Microplásticos demonstraram prejudicar a vida marinha quando confundidos com alimentos e foram encontrados em todos os mamíferos marinhos estudados em uma pesquisa recente no Reino Unido. Foi revelado em 2017 que eles estavam em água de torneira em todo o mundo e em outubro para serem consumidos por pessoas na Europa, Japão e Rússia.

“O microplástico foi encontrado em nossos rios, nossas montanhas mais altas e nossos oceanos mais profundos”, disse Julian Kirby, um ativista de plásticos da Friends of the Earth que ajudou a coletar amostras de água para o novo estudo no Reino Unido. Ele pediu aos parlamentares que apoiassem a legislação "para reduzir drasticamente o fluxo de poluição por plástico que está arruinando nosso meio ambiente".

Uma pesquisa da Universidade Nacional de Cingapura encontrou mais de 400 tipos de bactérias em 275 pedaços de microplástico coletados nas praias locais. Eles incluíram insetos que causam gastroenterites e infecções de feridas em humanos, bem como aqueles relacionados ao branqueamento de recifes de coral.

Definidos como menores que 5 mm de tamanho, microplásticos também foram encontrados no subsolo em aquíferos de calcário em Illinois, EUA, a um nível de 15 partículas por litro.

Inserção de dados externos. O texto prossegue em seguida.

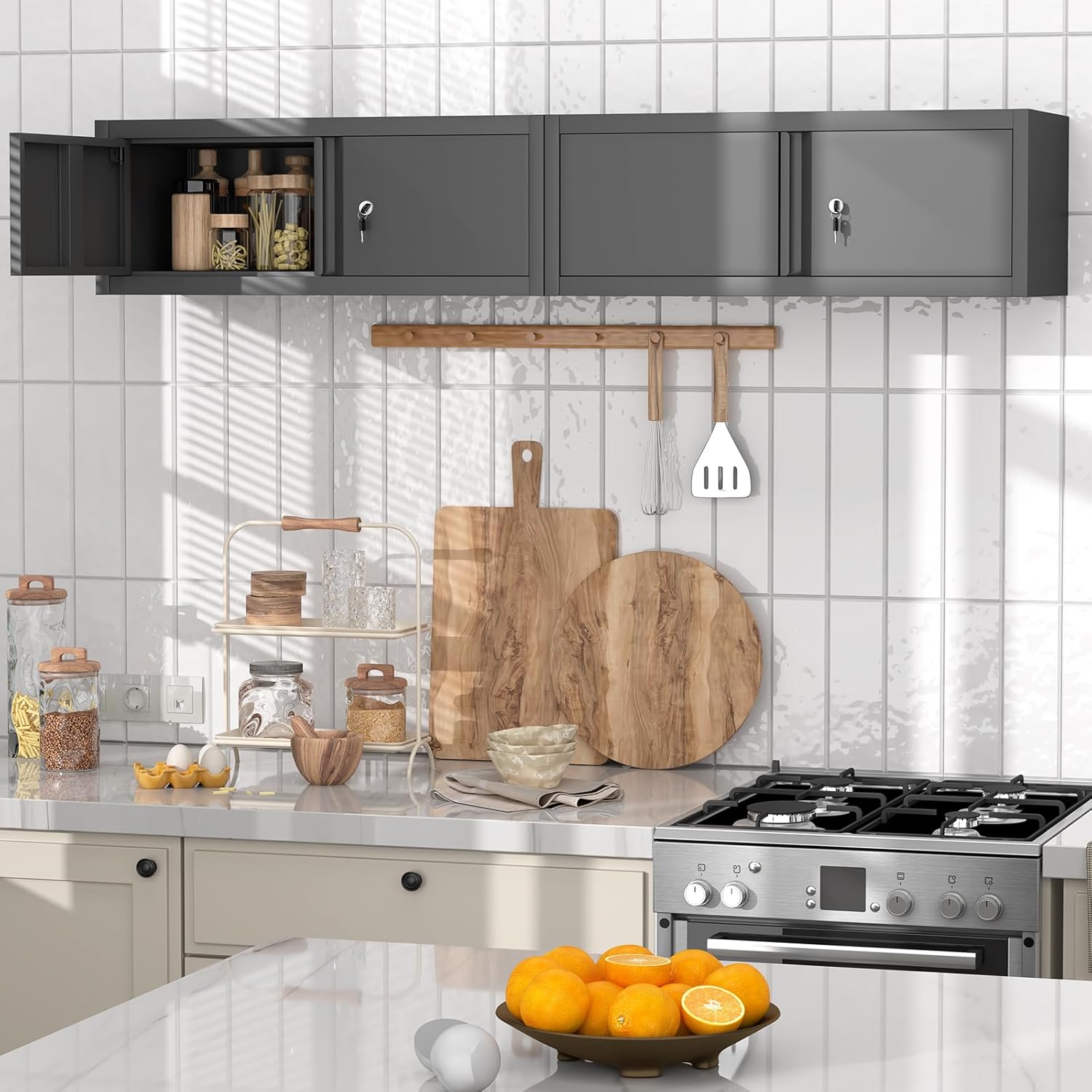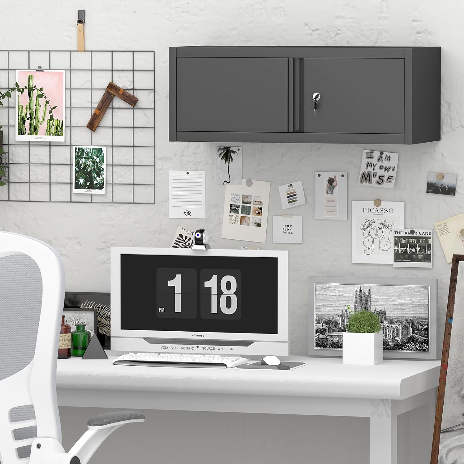 GREATMEET Metal Garage Storage Cabinets, Lockable Storage Cabinet with Doors, Wall Mount Cabinet Storage with Lock, Hanging Floating (Black, 13" H)

Este tipo de fonte de água subterrânea fornece cerca de um quarto da água potável do mundo.

Outros estudos recentes encontraram microplásticos em criaturas de fundo e sedimentos retirados do Mar do Norte e do Mar de Barents. Altas concentrações também foram encontradas no curso médio e inferior do rio Yangtze e na costa mediterrânea da Espanha.

Microplásticos são liberados de roupas sintéticas, pneus de veículos e pelotas de plástico derramadas usadas pelos fabricantes. A decomposição física do lixo plástico também os cria. A chuva os lava nos rios e no mar, mas também podem ser arrastados e acabar nos campos quando os resíduos do esgoto são usados ​​como fertilizantes.

Kirsten Thompson, da Universidade de Exeter, que está trabalhando com o Greenpeace em uma pesquisa de microplásticos nos principais rios do Reino Unido, disse: "Esperamos que nossa pesquisa ajude a descobrir exatamente de onde vem esse plástico e que impacto ele pode ter."